» WORK TASK
What is needed is an exact copy of the lines from the start of the records below through the line with "休闲裤来自于英国街头品牌,裤", without the pictures.

» DATA UNDER STUDY

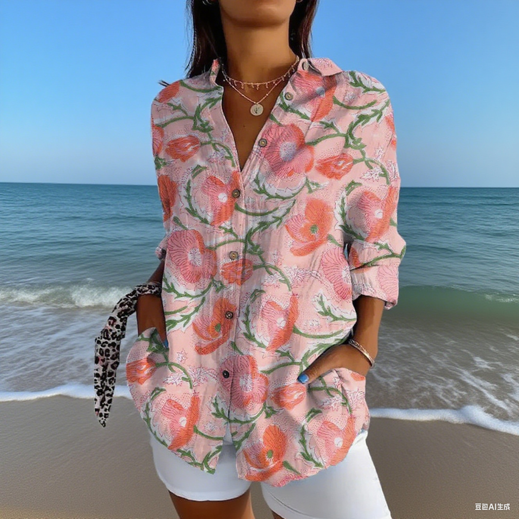 Stylové dámské šaty s výstřihem do V, jemným potiskem a dekorativními knoflíky – ideální volba pro ženy, které chtějí spojit eleganci s pohodlím. Perfektní na každodenní nošení i výjimečné příležitosti.
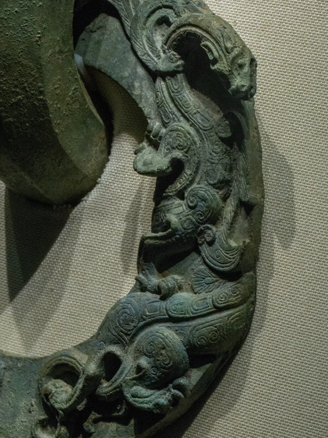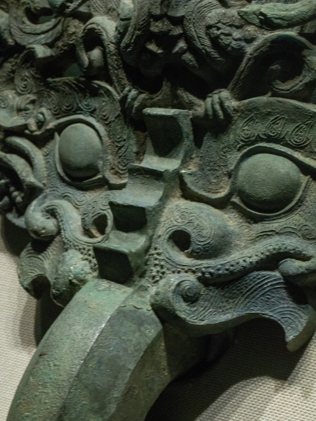 📍整个战国透雕龙凤纹铜铺首,长74.5厘米,宽36.8厘米,重21.5公斤。采用浮雕和透雕相结合的铸造工艺,作兽面衔环状。从整体看,透雕龙凤纹铜铺首是兽首衔环的造型,兽首主体是我国古代传说中的怪兽饕餮。饕餮是传说中一种凶猛无比且贪吃的怪兽,我们可以清楚地看见,瞪大着眼睛,张着大嘴,嘴角边露出锋利的牙齿。
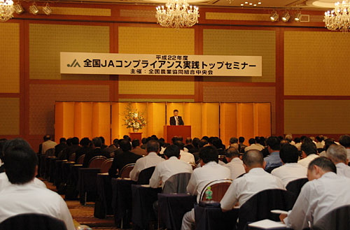 セミナー開催にあたり茂木守全中会長はJA全国大会での決議や2012年の国際協同組合年などを話題に挙げ「求められていることは組合員や役職員が協同組合理念の理解を深め、確信をもってJAに結集すること」だとし、「その一方で少なからず不祥事が発生している。これまで以上にJAグループとしてコンプライアンス態勢の確立、強化に取り組まなければとならない」と考えを述べた。
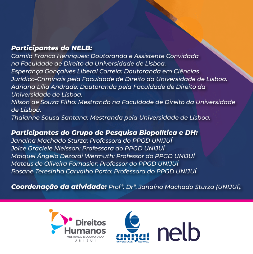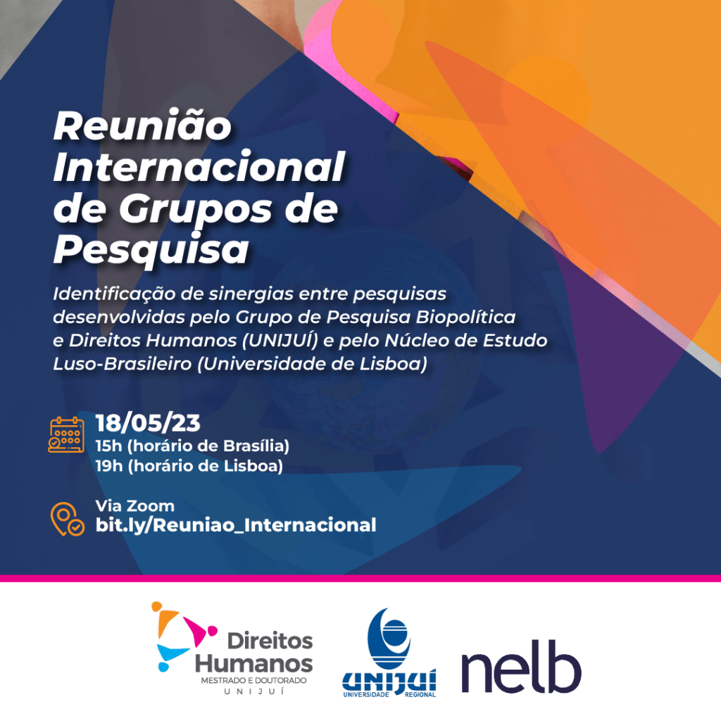 No dia 18 de maio, às 15h BR / 19h PT, sob coordenação científica da Professora Doutora Janaína Machado Sturza, o NELB e a UNIJUÍ organização uma Reunião Internacional de Grupos de Pesquisa para identificar as sinergias entre os pesquisas desenvolvidas pelo grupo de pesquisa “Biopolítica e Direitos Humanos” (PPGD-UNIJUÍ) e pelo Núcleo.
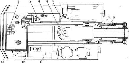 Механізм повороту (рис. 2.9) складається з поворотної колони, ланцюгової передачі і двох гідроциліндрів. Поворотний корпус 14 опирається на конічні роликопідшипники 6 і 9 іобертається відносно стакана 7 головки рамизадопомогоюланцюгової зірочки 1, яка приводиться в рухланцюгом 3 від гідроциліндрів. Обидва гідроциліндрипрацюють поперемінно. Якщо шток одного гідроциліндру втягується, то ланцюг, з’єднанийз тягою 5, повертає зірочку 1 і корпус, а інший гідроциліндр здійснює холостий хід.
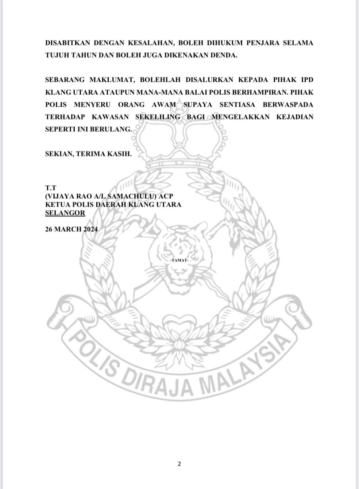 Polis kemudian mendapat laporan dan terus bergegas ke tempat kejadian. Kedua-dua suspek kini telah mendapat perintah tahanan reman selama tiga hari dari Mahkamah Klang bagi membantu siasatan.
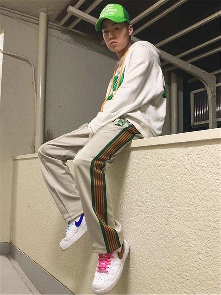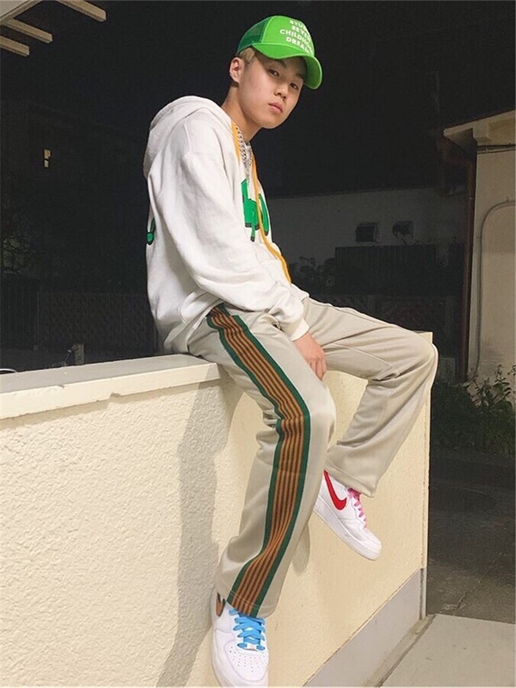 休闲裤来自于英国街头品牌,裤身以黑色为主色调,辅以黑色的织带装饰,更显时尚潮流裤身的大面积的蝴蝶印花,增添了几分街头感。
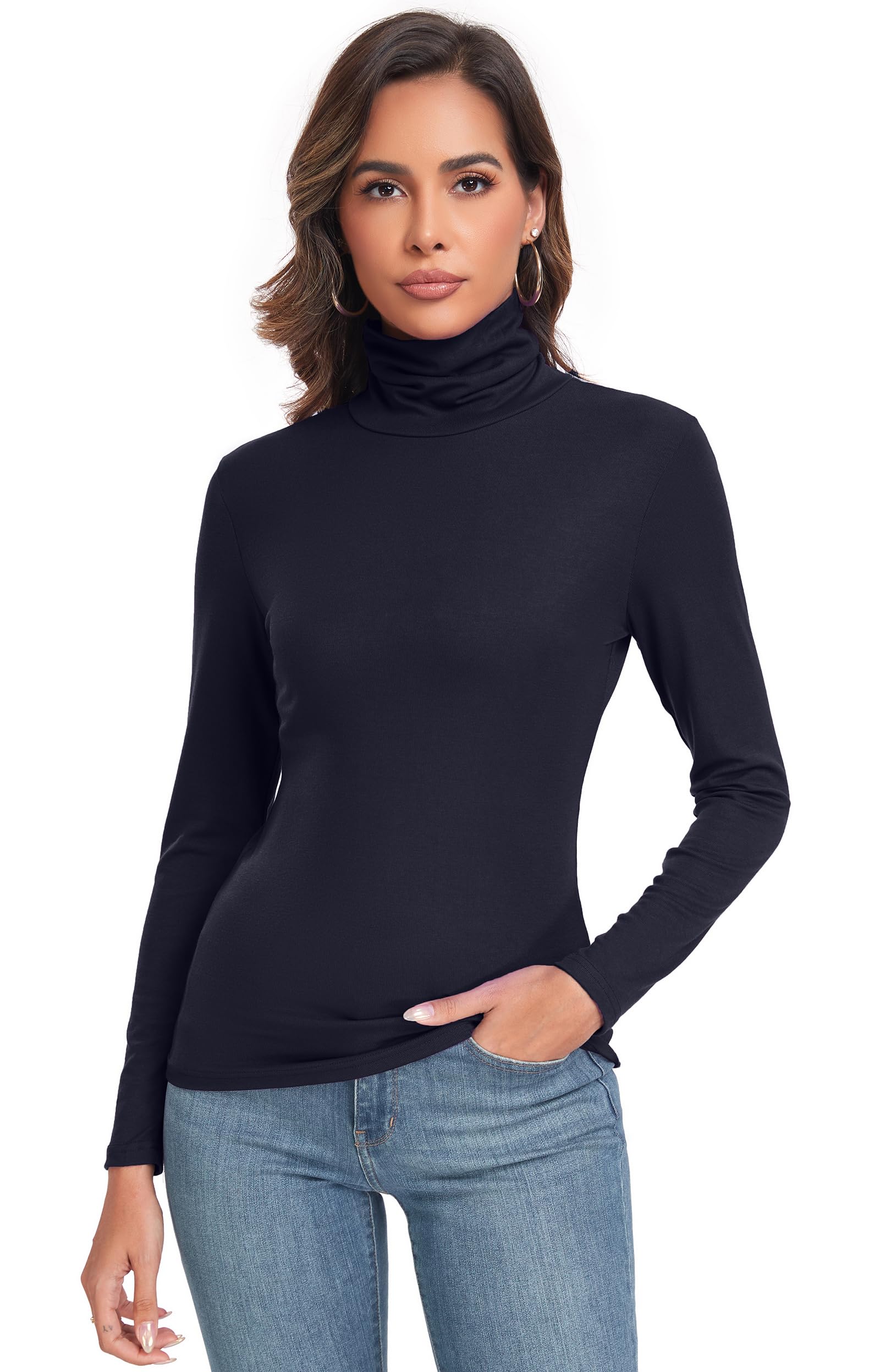 Description Womens Turtleneck Long Sleeve Shirts Thermal Underwear Tops Women Mock Neck Turtleneck Active Shirt Base Layer Long Sleeve Underwear Tops make yourself comfortable and stylish. Stretchy, lightweight but not see through. Slim fit but so soft and comfort. Our long sleeve turtleneck top can be easily paired with shorts, jeans, trousers, skirts, high heels, or boots. You'll look sexy, fashionable, and elegant in any occasion. Women's High Neck Long Sleeve Turtleneck T-Shirt great for cold weather, this turtleneck makes from stretchy and breathable fabric and snug fits to your neck. A necessity for every woman's wardrobe! Machine wash, Not fade, Us Standard Size. Please refer to the size chart before purchasing. Size Chart Small --- Bust 33.0" --- Sleeve 22.8" --- Length 24.4" Medium --- Bust 35.4" --- Sleeve 23.2" --- Length 24.8" Large --- Bust 37.8" --- Sleeve 23.6" --- Length 25.2" X-Large --- Bust 40.2" --- Sleeve 24.0" --- Length 25.6" XX-Large --- Bust 42.6" --- Sleeve 24.4" --- Length 26.0" Note: 1. Please allow 0.4-0.8 inch differ due to manual measurement. 2. Due to the light and different computer monitor, the color may be slightly different as pictures.

» TASK RESULT
 Stylové dámské šaty s výstřihem do V, jemným potiskem a dekorativními knoflíky – ideální volba pro ženy, které chtějí spojit eleganci s pohodlím. Perfektní na každodenní nošení i výjimečné příležitosti.
 📍整个战国透雕龙凤纹铜铺首,长74.5厘米,宽36.8厘米,重21.5公斤。采用浮雕和透雕相结合的铸造工艺,作兽面衔环状。从整体看,透雕龙凤纹铜铺首是兽首衔环的造型,兽首主体是我国古代传说中的怪兽饕餮。饕餮是传说中一种凶猛无比且贪吃的怪兽,我们可以清楚地看见,瞪大着眼睛,张着大嘴,嘴角边露出锋利的牙齿。
 セミナー開催にあたり茂木守全中会長はJA全国大会での決議や2012年の国際協同組合年などを話題に挙げ「求められていることは組合員や役職員が協同組合理念の理解を深め、確信をもってJAに結集すること」だとし、「その一方で少なからず不祥事が発生している。これまで以上にJAグループとしてコンプライアンス態勢の確立、強化に取り組まなければとならない」と考えを述べた。
 No dia 18 de maio, às 15h BR / 19h PT, sob coordenação científica da Professora Doutora Janaína Machado Sturza, o NELB e a UNIJUÍ organização uma Reunião Internacional de Grupos de Pesquisa para identificar as sinergias entre os pesquisas desenvolvidas pelo grupo de pesquisa “Biopolítica e Direitos Humanos” (PPGD-UNIJUÍ) e pelo Núcleo.
 Механізм повороту (рис. 2.9) складається з поворотної колони, ланцюгової передачі і двох гідроциліндрів. Поворотний корпус 14 опирається на конічні роликопідшипники 6 і 9 іобертається відносно стакана 7 головки рамизадопомогоюланцюгової зірочки 1, яка приводиться в рухланцюгом 3 від гідроциліндрів. Обидва гідроциліндрипрацюють поперемінно. Якщо шток одного гідроциліндру втягується, то ланцюг, з’єднанийз тягою 5, повертає зірочку 1 і корпус, а інший гідроциліндр здійснює холостий хід.
 Polis kemudian mendapat laporan dan terus bergegas ke tempat kejadian. Kedua-dua suspek kini telah mendapat perintah tahanan reman selama tiga hari dari Mahkamah Klang bagi membantu siasatan.
 休闲裤来自于英国街头品牌,裤身以黑色为主色调,辅以黑色的织带装饰,更显时尚潮流裤身的大面积的蝴蝶印花,增添了几分街头感。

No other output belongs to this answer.